The flow occurrence probability storage unit stores the probability of occurrence of a plurality of different temporary flows from each other,
A state transition probability calculation unit calculates a state transition probability that is a probability of transitioning to each state when the autonomous mobile robot in each state takes each action and moves for the action unit time in a predetermined flow. A state transition probability calculation step to be calculated;
The collision determination unit collides with an obstacle when the autonomous mobile robot in each state moves based on each action under the predetermined flow and each temporary flow. A collision determination step for determining whether or not
The collision probability calculation unit reads from the flow generation probability storage unit and adds the probability that a temporary flow determined to collide with an obstacle is added. A collision probability calculation step for calculating the collision probability of colliding with an obstacle when moving based on
Each reward determination unit has the highest reward when the transition destination state includes the arrival position, and when the transition destination state does not include the arrival position, the reward increases as the collision probability decreases. A reward determination step for determining a reward obtained when the autonomous mobile robot in a state takes each action and transitions to each state;
The dynamic planning unit obtains, for each state, an index indicating the ease of reaching the reaching position of the autonomous mobile robot based on the dynamic programming method in the Markov decision process using the state transition probability and the reward. A dynamic planning step;
Planning method for autonomous mobile robots.
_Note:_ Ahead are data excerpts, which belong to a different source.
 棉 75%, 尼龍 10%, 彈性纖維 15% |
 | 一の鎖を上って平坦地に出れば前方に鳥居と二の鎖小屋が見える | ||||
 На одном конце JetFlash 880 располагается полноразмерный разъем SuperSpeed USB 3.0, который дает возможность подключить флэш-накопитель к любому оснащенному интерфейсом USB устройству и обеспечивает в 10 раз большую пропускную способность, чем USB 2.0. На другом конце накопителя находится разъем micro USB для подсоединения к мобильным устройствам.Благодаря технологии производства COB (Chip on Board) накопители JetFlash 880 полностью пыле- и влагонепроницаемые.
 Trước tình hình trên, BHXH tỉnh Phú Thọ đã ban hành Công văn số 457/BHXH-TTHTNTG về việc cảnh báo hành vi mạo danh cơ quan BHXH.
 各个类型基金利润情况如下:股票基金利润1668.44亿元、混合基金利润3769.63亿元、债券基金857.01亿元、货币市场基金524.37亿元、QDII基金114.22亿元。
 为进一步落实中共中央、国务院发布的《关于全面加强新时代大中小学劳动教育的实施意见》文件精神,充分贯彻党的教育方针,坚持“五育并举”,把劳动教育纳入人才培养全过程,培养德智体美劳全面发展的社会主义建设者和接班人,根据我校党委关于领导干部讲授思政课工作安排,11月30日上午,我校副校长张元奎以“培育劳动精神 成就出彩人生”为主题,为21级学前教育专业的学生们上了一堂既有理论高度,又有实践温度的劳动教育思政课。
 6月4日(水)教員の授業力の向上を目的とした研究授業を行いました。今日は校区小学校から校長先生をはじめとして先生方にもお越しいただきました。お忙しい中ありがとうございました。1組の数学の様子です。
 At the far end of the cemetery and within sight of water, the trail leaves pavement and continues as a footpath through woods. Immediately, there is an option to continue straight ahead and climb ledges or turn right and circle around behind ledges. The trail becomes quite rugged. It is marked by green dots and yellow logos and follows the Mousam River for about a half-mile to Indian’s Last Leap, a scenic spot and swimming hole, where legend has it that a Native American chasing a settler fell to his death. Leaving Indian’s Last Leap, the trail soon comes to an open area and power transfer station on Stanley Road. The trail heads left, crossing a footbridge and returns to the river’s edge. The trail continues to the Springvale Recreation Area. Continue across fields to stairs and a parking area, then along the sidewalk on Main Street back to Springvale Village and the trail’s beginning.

The operation planning method for an autonomous mobile robot according to claim 4,
In the collision determination step, when it is determined that a certain temporary flow collides with an obstacle, a temporary flow that has the same direction and a high speed as the temporary flow also collides with the obstacle. An autonomous mobile robot motion planning method, characterized in that it is determined that the flow is slow.
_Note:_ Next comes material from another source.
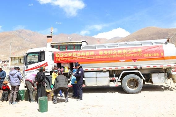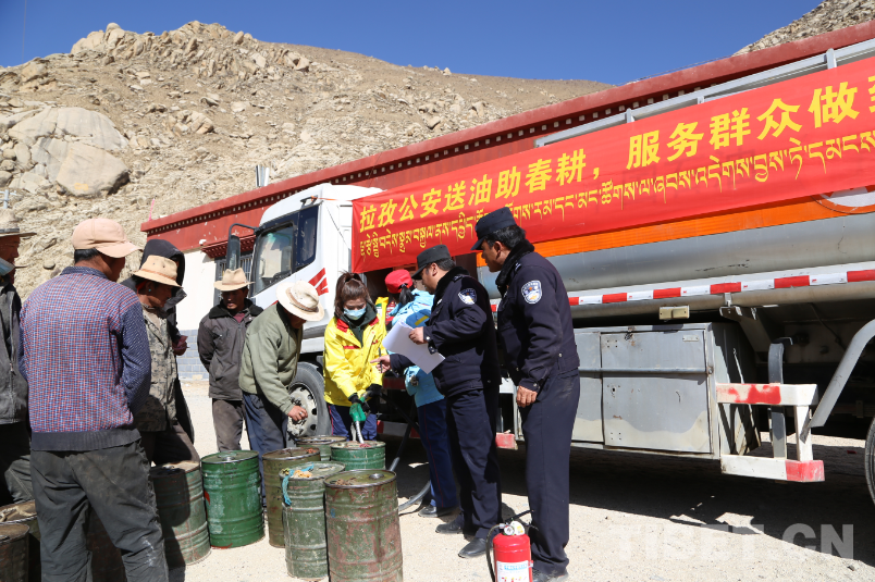 因拉孜縣彭措林鄉(xiāng)、扎西崗鄉(xiāng)地處偏遠(yuǎn),村民購買柴油困難,拉孜縣公安局及時(shí)與相關(guān)部門和中國石油拉孜分公司溝通協(xié)調(diào),適時(shí)掌握群眾用油需求,成立了拉孜公安送油小分隊(duì),指派專職民警跟著油車送油助春耕,將便民、惠農(nóng)服務(wù)延伸到田間地頭,讓群眾不出村就可以加到放心的柴油。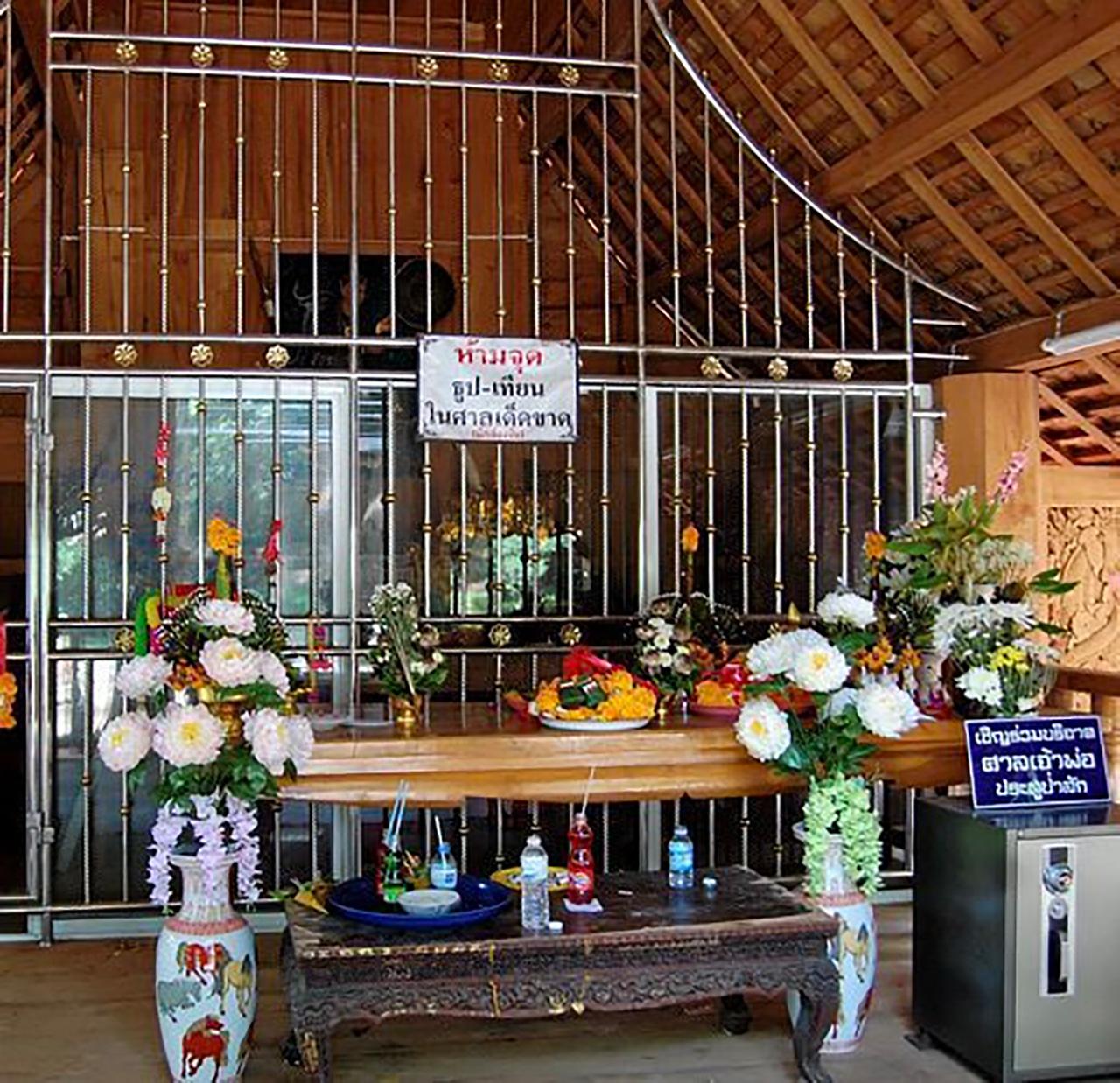 จนต่อมา...ได้สร้างศาลเรือนไม้สถาปัตยกรรมล้านนา คล้ายวิหารพระอารามให้ดวงวิญญาณเจ้าพ่อเสด็จประทับ ภายในมีภาพเขียนรูปเจ้าพ่อประดับเหนือผนัง คู่ศัสตราวุธคู่พระองค์

Based on the motion plan determined by the motion planning method of the autonomous mobile robot according to claim 4 or 5, the behavior is performed for each behavior unit time in a space filled with a fluid having an indefinite flow velocity and in which an obstacle is arranged. In an autonomous mobile robot operation control method for controlling an autonomous mobile robot that repeats the movement of the above behavior unit time based on the behavior to reach the arrival position from the departure position,
A flow rate difference acquisition unit for obtaining a flow rate difference that is a difference between the predetermined flow and an actual measurement value of the flow rate;
A transition destination prediction step in which the transition destination prediction unit obtains the state of the transition destination when the autonomous mobile robot takes each action by moving the position of the autonomous mobile robot by the amount of the flow velocity difference;
An action determination unit that compares the indicators for the state of the transition destination obtained by the transition destination prediction unit with each other and determines an action that is most likely to reach the arrival position;
A control unit that controls the autonomous mobile robot such that the autonomous mobile robot moves according to the determined behavior;
Control method of autonomous mobile robot including

An autonomous mobile robot motion planning program for causing a computer to execute the autonomous mobile robot motion planning device according to claim 1.

The computer-readable recording medium which recorded the operation plan program of the autonomous mobile robot of Claim 7.